Lei mi scrutò attentamente, senza fretta. — Ragazza squillo?

— Grazie. Dov’è che ti fai tingere i capelli? Senti, mi mandano le Linee IperSpazio, ufficio di Las Vegas. Ogni secondo costa orsi al tuo capo. Sono Friday Jones. Annunciami.

— Scherzi? — quella toccò la consolle, parlò in un microfono smorzavoce. Io tesi le orecchie. — Frankie, qui c’è una scema che dice di avere un appuntamento con te. Dice che la manda la Ipo di Las Vegas.

— Porcaccia miseria, ti ho detto di non chiamarmi Frankie su! lavoro. Falla entrare.

— Secondo me non la manda Fawcett. Mi stai tirando il bidone?

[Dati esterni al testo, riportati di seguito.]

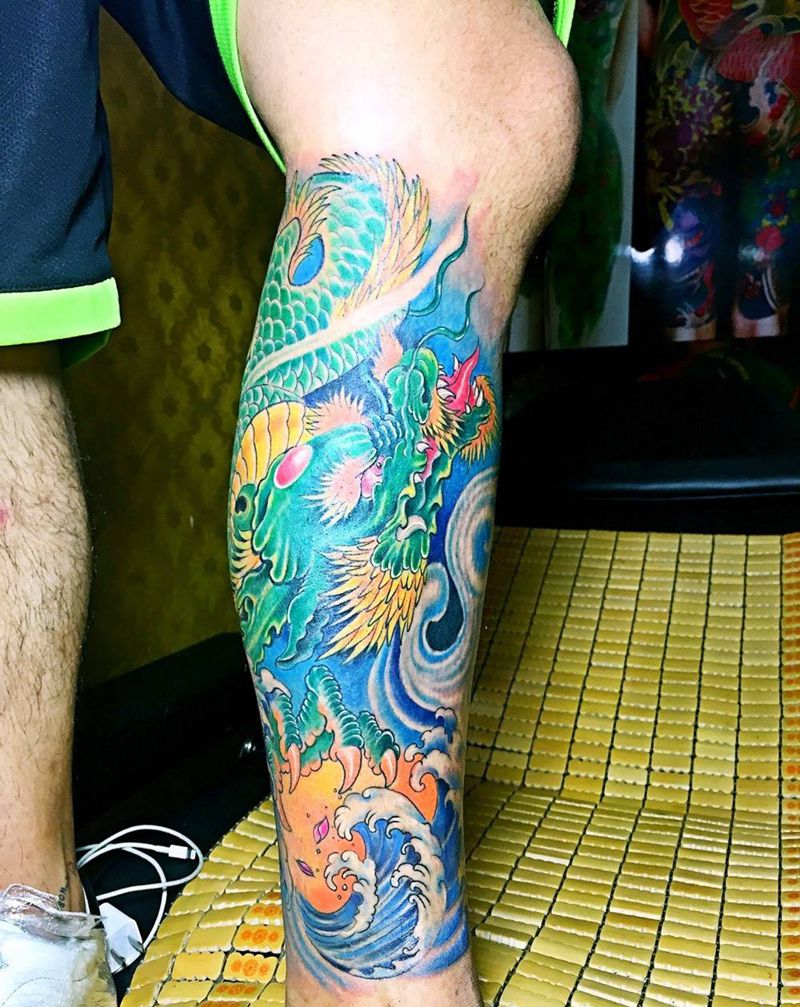 • T网红王老大花腿龙纹身图片_腿部新传统纹身图案
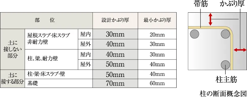 (かぶり厚) - コンクリートの中性化が極度に進むと、コンクリートの内の鉄筋が錆びて体積が増し、コンクリートの破損の原因にもなります。これを防ぐため、鉄筋を覆うコンクリートの厚さは、建築基準法で定められた最小かぶり厚よりも10mm上回る水準を設計かぶり厚とし、最小かぶり厚以上のかぶり厚を確保するよう努めます。
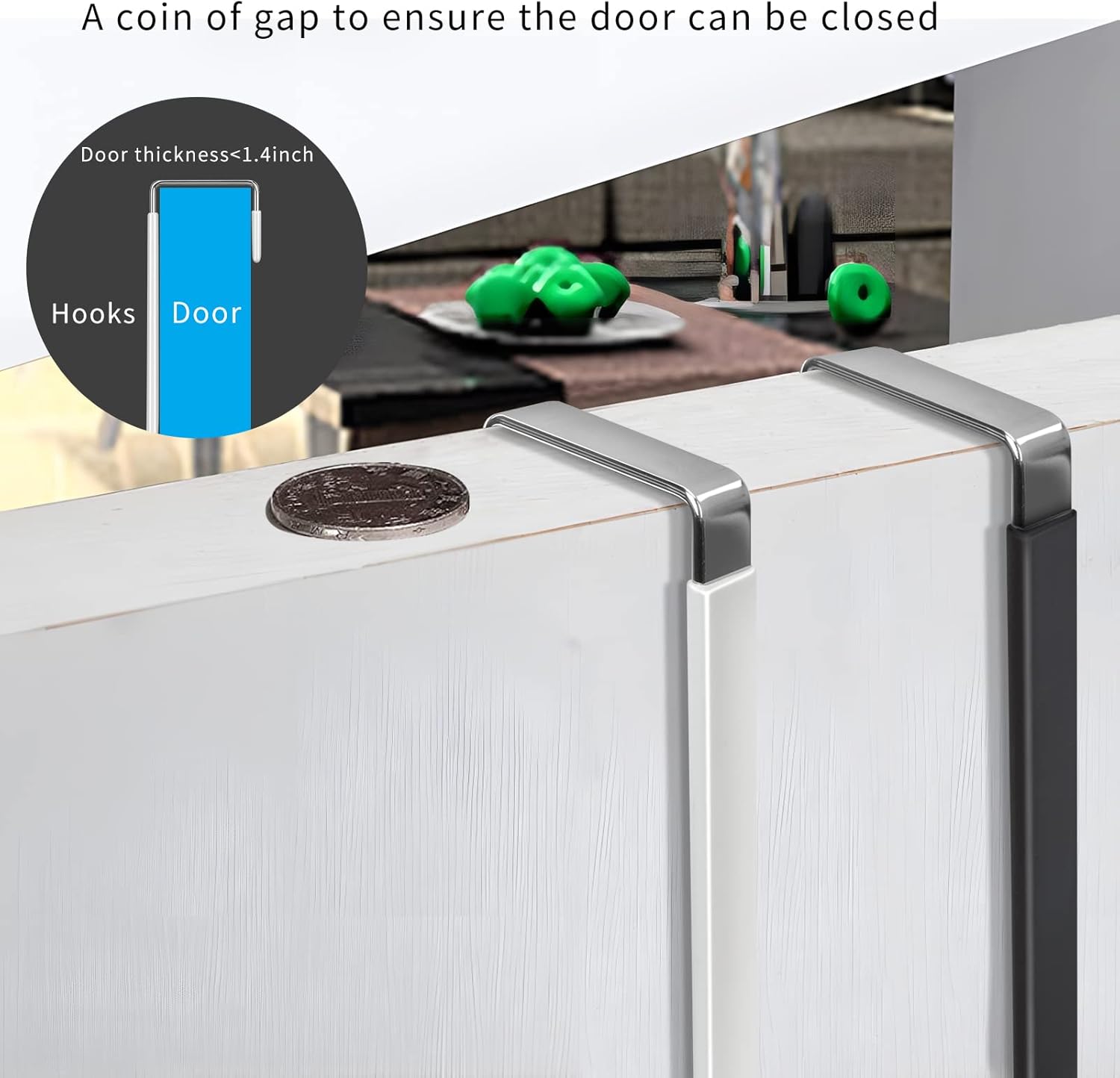 • Wide Application: The over the door hooks can be applied to most door in your house, fit doors of living room, bathroom, shower room, bedroom, kitchen or closets. Prefect for hanging clothes, towels, hats, coats, bags, etc. The hooks convert your doors into a convenient storage space and keep your room organized without messy
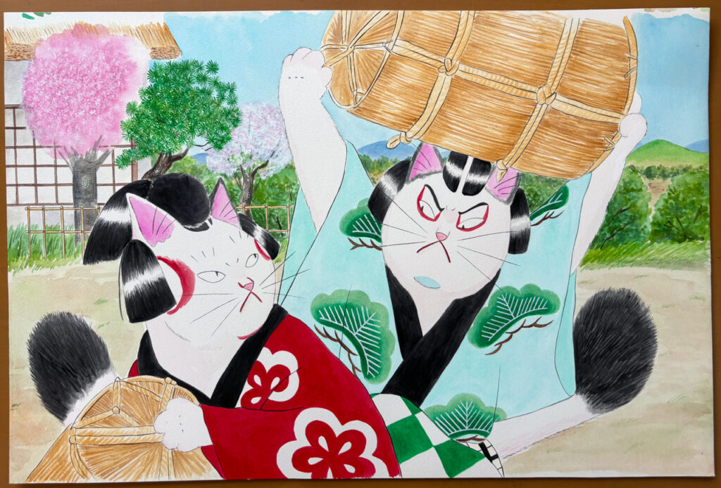 「賀の祝〜菅原伝授手習鑑 」「かぶきがわかるねこづくし絵本3 菅原伝授手習鑑 (講談社)」より
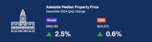 Adelaide house prices rose for the eighth consecutive quarter, climbing by almost $25,000 (2.5%) over the December quarter to reach a new record of $992,193. However, the pace of quarterly growth has slowed to about one-third of its rate in the previous quarter and is roughly half compared to the same time the year prior. Despite slowing growth, Adelaide is on track to surpass $1 million over the first quarter of 2025, needing just $7,807 (0.8%) to achieve this milestone. Annual gains have also slowed, yet remain strong at 14.6% ($126,000), positioning Adelaide houses as the second-best-performing market in 2024, behind only Perth.
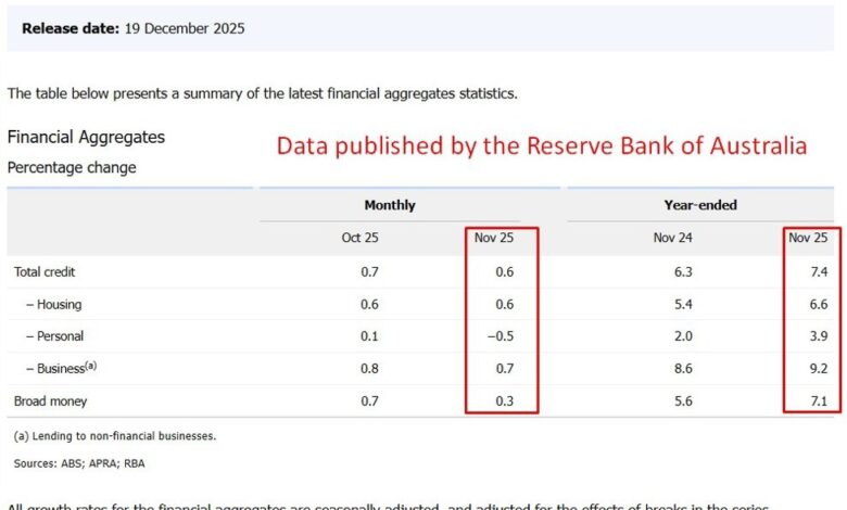Data published by the Reserve Bank of Australia showed private sector credit rose 0.6% month-on-month in November, in line with market expectations and only marginally softer than the 0.7% increase recorded in October. The result points to stable borrowing conditions across the economy, with neither a sharp acceleration nor a meaningful slowdown in credit demand.
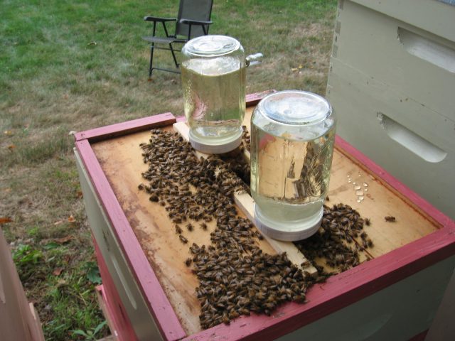 - Otevřená metoda krmení, kdy se tekutina nalije do malé nádoby a umístí se poblíž vchodu do úlu.
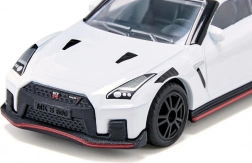 Der Nissan GT-R Nismo ist ein supersportliches Fahrzeug für alle, die beeindruckenden Stil und Leistung lieben. Das Topmodell von Nissan mit über 600 PS verspricht reine Aerodynamik und Nervenkitzel. Dank der klassischen weißen Karosserie, der Sportfelgen mit gummierten Reifen, dem Heckspoiler und den ausgefeilten Designdetails wie der roten Linie entlang des Randes verwandelt dieses Auto sowohl die Straße als auch den Kinderzimmerboden in eine Rennstrecke.
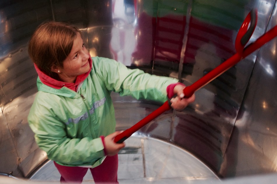 Cleanliness is divine. It’s a major part of winemaking and on harvest day we were grateful to have our daughter’s help. Adult joints and muscles stiff from hard work make crawling through a narrow man-door a greater chore with each passing year. When you are ten years old, it’s a game!
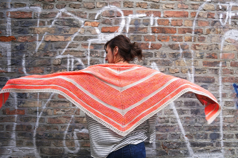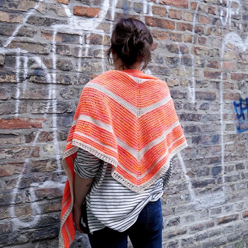 The Tunisian crochet triangle shawl "Peaches" is fashionably a real statement piece and goes quite easily from the hand. Quite untypical for Tunisian crochet, the triangular shawl impresses with a light, softly falling texture and comes up with a beautiful homogeneous structure that reminds of knitted. A real enrichment for your closet!
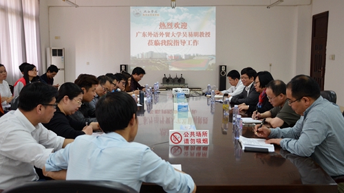为加强师资队伍建设,促进学生成人成才,近日,经管学院在义丰楼分别举办了两场专题座谈会,邀请到广东外语外贸大学吴易明教授与师生面对面互动交流,王万山副校长应邀出席并讲话,经管学院院长项益才、党委书记花金龙、副院长高阔,以及经管、电商学院部分青年教师参加了座谈,会议由经管学院院长项益才主持。
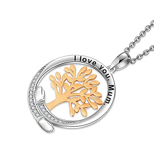 MESASTOM Collana da donna con ciondolo a forma di albero genealogico, in argento Sterling 925, con incisione personalizzata, idea regalo per mamma, nonna, figlia, sorella, Argento sterling, cristallo
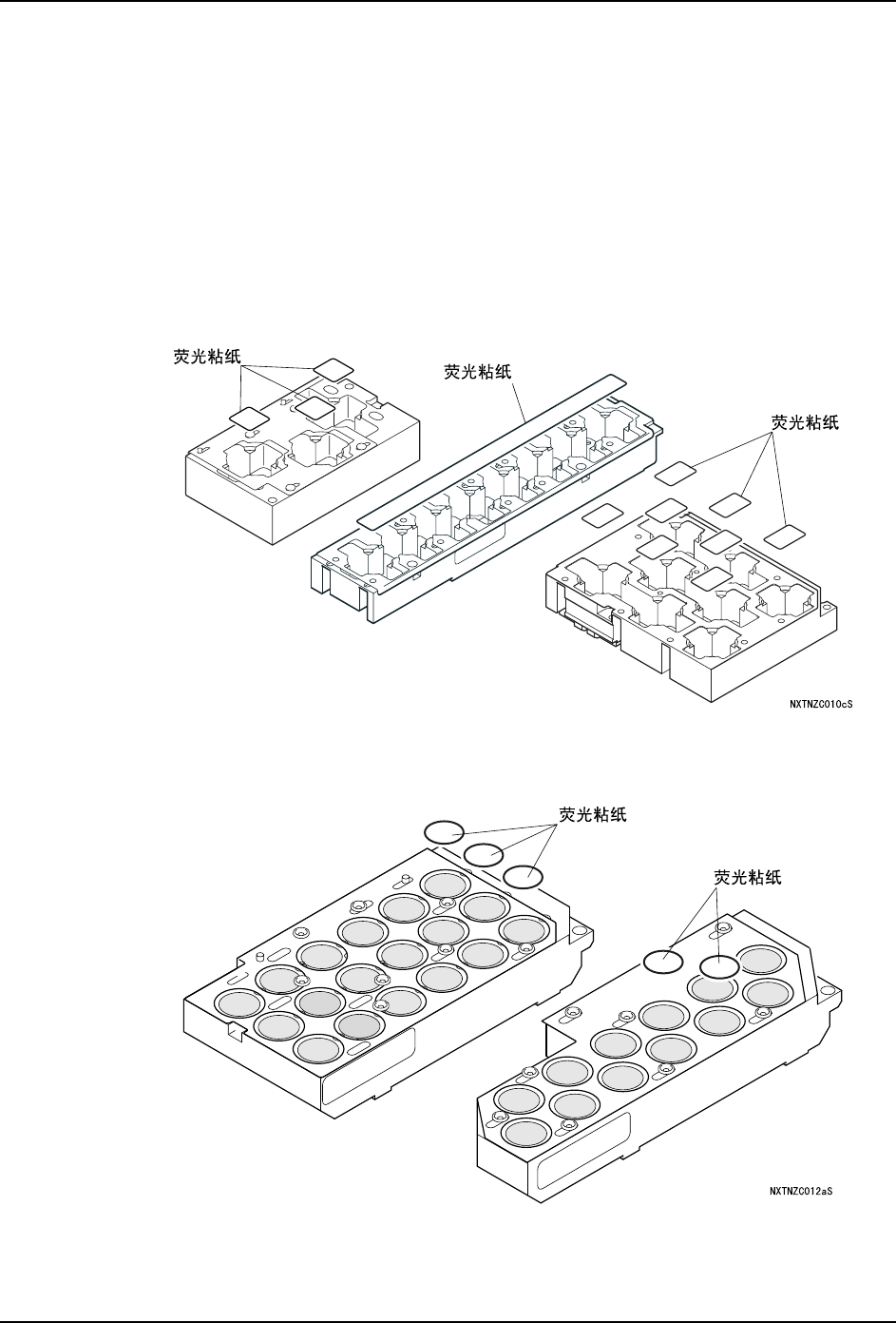 7. 消耗品的更换 QD029-09 262 NXT 机械手册 7.8 吸嘴置放台萤光粘纸 7.8.1 更换时期 在确认有无吸嘴中发生错误时。 7.8.2 更换方法 参考 「5.8 吸嘴置放台的拆除 / 安装」 ,将吸嘴置放台从吸嘴更换器 上拆下。请根据 不同型 号按下述步骤,贴换萤光粘纸。 <H01 类型 > 请直接贴换荧光粘纸。 <H04 类型 > 请直接贴换荧光粘纸。

— Chiudi il becco e falla entrare.

Quella spinse via il microfono. — Siediti lì. Il signor Mosby è in riunione. Ti saprò dire appena si libera.

— Non è quello che ti ha detto lui.

— Eh? Da quando in qua ne sai tanto?

— Ti ha detto di non chiamarlo Frankie sul lavoro e di farmi entrare. Tu hai risposto qualche fesseria e lui ti ha ordinato di chiudere il becco e lasciarmi entrare. Quindi entro. È meglio che mi annunci.

Mosby era sulla cinquantina e cercava di dimostrare trentacinque anni. Aveva un’abbronzatura costosa, un abito costoso, un grosso sorriso e settantaquattro denti e occhi freddi. Mi indicò una poltroncina. — Perché ci avete messo tanto? Ho detto a Fawcett che volevo vedervi prima di mezzogiorno.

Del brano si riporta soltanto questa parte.